To prevent excess moisture, you can salt the sliced squash and let it sit for 15-20 minutes before cooking. This draws out water. Pat dry with paper towels before proceeding with the olive oil and seasonings. Also, avoid overcooking, as squash releases more moisture the longer it cooks.
- → Can I make this dish ahead of time?
Yes, you can assemble the dish up to 24 hours in advance and refrigerate it covered. When ready to serve, bake as directed, potentially adding 5-10 minutes to the covered baking time since you're starting with a cold dish. Alternatively, you can fully bake it, refrigerate, and reheat at 350°F until warm.
- → What main dishes pair well with baked yellow squash?
This cheesy side dish pairs beautifully with grilled or roasted chicken, baked fish, or pork tenderloin. It also complements pasta dishes and works well alongside other vegetables for a vegetarian meal. The mild flavor of the squash with savory cheese makes it versatile enough for most protein-centered meals.
- → Is there a dairy-free alternative for this dish?
Yes, you can make a dairy-free version using plant-based cheese alternatives. Nutritional yeast can also provide a cheesy flavor without dairy. Another option is to skip the cheese entirely and focus on herbs and seasonings like thyme, rosemary, and a breadcrumb topping drizzled with olive oil for texture.

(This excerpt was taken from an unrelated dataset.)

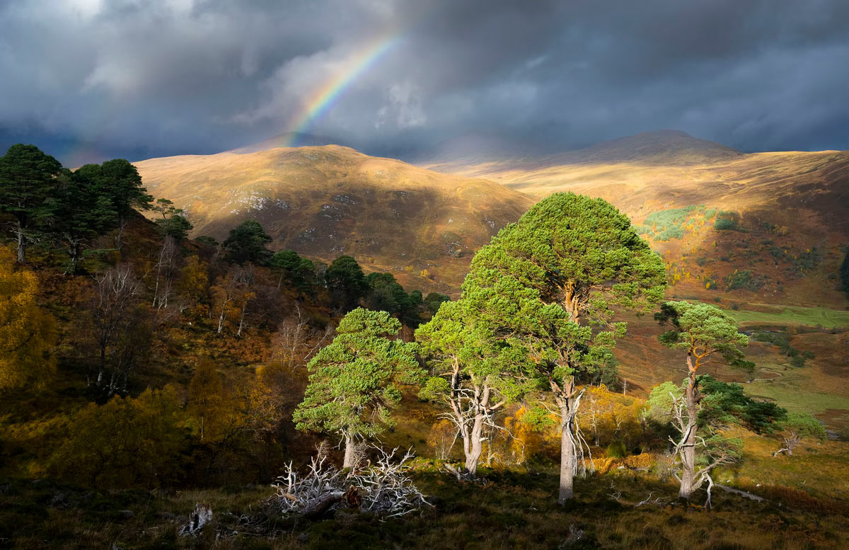 Штормовой свет над Каледонским лесом. Дикие леса, победитель. «Штормовые дни в Шотландском нагорье часто создают невероятные условия освещения для фотографии. Отправившись в место, где я никогда раньше не бывал, я сразу же был привлечен фотографическим потенциалом этих старых шотландских сосен. Преодолевая сильный дождь, я терпеливо ждал, надеясь на подходящий момент. Мое терпение было вознаграждено, когда внезапная вспышка света идеально осветила деревья, а за ними образовалась радуга — мимолетная, но волшебная сцена». (Фото © James Roddie / British Wildlife Photography Awards):
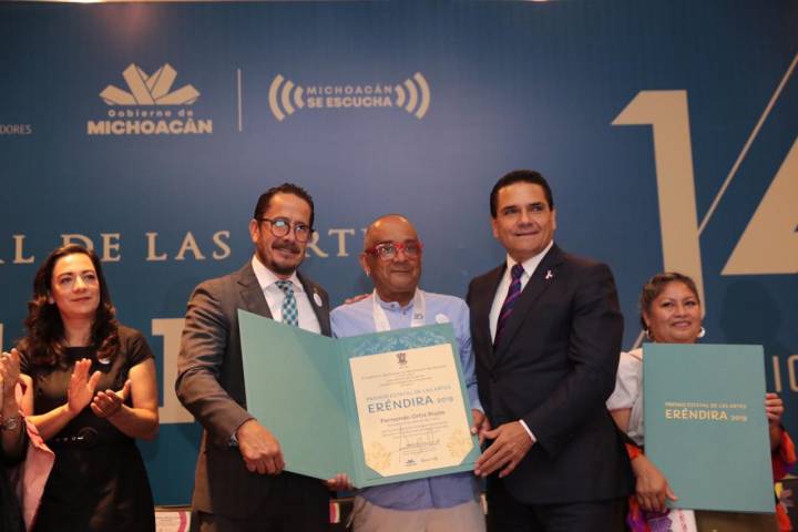NOTICIAS 10/10/2019La mayor riqueza de Michoacán es su gente: Silvano Aureoles Las manos creativas y la capacidad intelectual que reflejan las obras y trayectoria de artistas como María Guadalupe García Ríos, Arturo Estrada Hernández y Fernando Ortiz Rojas, reflejan la mayor riqueza que tiene la gente de Michoacán, destacó el Gobernador Silvano Aureoles Conejo, al encabezar la 15 edición del Premio Estatal de las Artes Eréndira.

- → How do I know when the yellow squash is perfectly cooked?
Perfectly cooked yellow squash should be tender when pierced with a fork, but not mushy. It should maintain its shape while still being easy to cut. The cheese on top should be melted and golden brown. If the squash releases too much liquid during baking, you can drain some off before adding the final cheese layer.